Of course, there are always exceptions. I’ll get to that in a moment.

What this comes back to pretty quickly is the need for Information Lifecycle Protection. End users and the business overall are typically not interested in data – they’re interested in information. They don’t care, as such, about the backup of /u01/app/oracle/data/CORPTAX/data01.dbf – they care about the corporate tax database. That, of course, means that the IT group and the business need to build service level agreements around business functions, not servers and storage.

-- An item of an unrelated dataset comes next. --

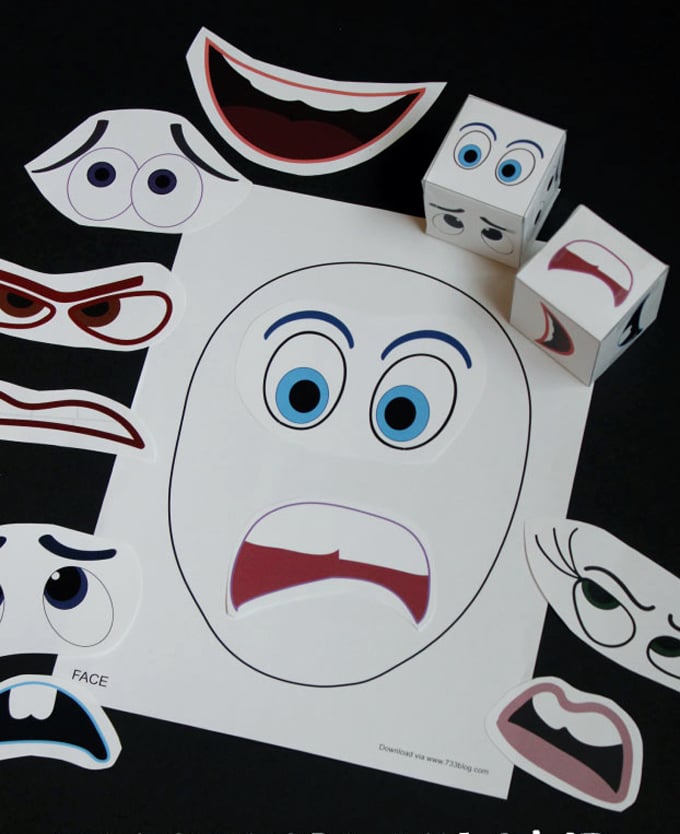 Con la ayuda de un dado, los niños aprenderán a poner las emociones en la carita sin rostro. El primer paso para educar las emociones es identificar cómo nos sentimos y así hará que nos conozcamos mejor, de esta forma nuestro modo de actuar tendrá un sentido y podremos modular mejor nuestras expresiones de la emoción.Fuente: http://www.inspirationmadesimple.com

As ITIL teaches, the agreements about networks, storage, servers, etc., come in the form of operational level agreements between the segments of IT.

Ironically, years before studying ITIL, it’s something I covered in my book in the notion of establishing system dependency maps:

System Maps

(In the diagram, the number in parentheses beside a server or function is it’s reference number; D:X means that it depends on the nominated referenced server/function X.)

What all this boils down to is the criticality of one particular activity when preparing an Information Lifecycle Protection system within an organisation: Data classification. (That of course is where you should catch any of those exceptions I was talking about before.)

In order to properly back something up with the appropriate level of protection and urgency, you need to know what it is.

Or, as Stephen Manley said the other day:

OH at Starbucks – 3 page essay ending with ‘I now have 5 pairs of pants, not 2. That’s 3 more.’ Some data may not need to be protected.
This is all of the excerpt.